(Lyme Regis, which I suspect we may not see this year)
Sunday morning, just before dawn, and the seagulls are out in vast numbers again. With less greasy rubbish and fast food containers strewn around the streets, they’re having to do an honest day’s gull-work and grub for insects on the slopes of the park. Two or three couples glimpsed at a distance, one man probably walking to work – and one cyclist, travelling too quickly from behind us, calling out a bit too late and shooting past us as we jump back.
‘It’s okay’, the Librarian says over my fluent curses, ‘he didn’t cough or sneeze, and he was still far enough away from us anyway.’ And yes, he probably was; in normal times, undoubtedly. But – ‘normal times’?
There’s a lot of discussion currently, in newspaper columns, opinion pieces, online comments, about ‘when things return to normal’. It’s perfectly understandable but unsettling. In the first place, surely not everything will ‘return’. Nor should it. It’s being pointed out with increasing frequency, for instance, that those people who are dutifully, bravely and impressively keeping the country running in this crisis are, in fact, the ones who usually do so anyway: the ones who have so often been classed as ‘unskilled’ by the government that now praises them and finds them indispensable, the ones who have been consistently underpaid and undervalued.
Normal: conforming to a standard; usual, typical, or expected; according to rule; ordinary; well-adjusted; functioning regularly. A relatively recent usage, linking back to the Latin for precept, rule – and the carpenter’s square. It’s all very shipshape and reassuring but, of course, one age’s ‘normal’ can look a little off, sometimes a bit macabre, to other ages. It was, apparently, ‘quite normal in the nineteenth century for the family album to have photographs of the infant dead, choreographed so that, with eyes open, they still seemed to be alive.’[1] Then too normality can be appraised from widely differing ethical and political standpoints: ‘It was normal for goods to arrive from all over the world and freely circulate, while men and women were turned away at the borders. To cross them, some had themselves locked into trucks, inert merchandise, and died asphyxiated when the driver forgot them in a Dover parking lot under the June sun.’[2]

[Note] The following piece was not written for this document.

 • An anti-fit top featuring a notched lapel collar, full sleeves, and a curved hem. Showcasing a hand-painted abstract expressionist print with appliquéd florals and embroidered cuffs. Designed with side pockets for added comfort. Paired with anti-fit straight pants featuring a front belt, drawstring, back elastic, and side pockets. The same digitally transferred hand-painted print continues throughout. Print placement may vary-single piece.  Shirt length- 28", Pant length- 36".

(Hannah Arendt via the BBC)
And there are those instances where the whole business of definitions and comparisons rather falls to pieces. Writing of Adolf Eichmann, whose trial for war crimes she was reporting for the New Yorker, Hannah Arendt stated that Eichmann ‘was indeed normal insofar as he was “no exception within the Nazi regime.” However, under the conditions of the Third Reich only “exceptions” could be expected to react “normally.” This simple truth of the matter created a dilemma for the judges which they could neither resolve nor escape.’[3]
Still, as individuals, we have a pretty clear sense of the normal we would recognise and long to see again. Perhaps for many of us, given the chosen or obligatory changes of the past few weeks, it includes a sharper or deeper sense of quite small and ordinary things, the details—often undervalued—on which our lives actually rest. From that secure position, we might again be cavalier about more general versions of ‘normal’. Writing in 1927 from Paris to Ford Madox Ford in New York, Stella Bowen praised Ford’s recently completed Last Post. Knowing that Valentine Wannop was based largely on her, Bowen commented on several successful aspects of the book, ‘even Valentine’s agonies’, adding: ‘even if she is so beastly normal!’[4]
No doubt the beast will come again – and how readily will we recognise him, or her, or it, when that happens?
Notes
[1] Raphael Samuel, Theatres of Memory (London: Verso, 1996), 375; and see some of the photographs in Michael Lesy’s Wisconsin Death Trip (1973; Albuquerque: University of New Mexico Press, 2000).
[2] Annie Ernaux, The Years, translated by Alison L. Strayer (London: Fitzcarraldo Editions, 2019), 205.
[3] Hannah Arendt, Eichmann in Jerusalem: A Report on the Banality of Evil, revised and enlarged edition (London: Penguin Books, 1994), 26-27.
[4] Correspondence of Ford Madox Ford and Stella Bowen, edited by Sondra J. Stang and Karen Cochran (Bloomington & Indianapolis: Indiana University Press, 1993), 331.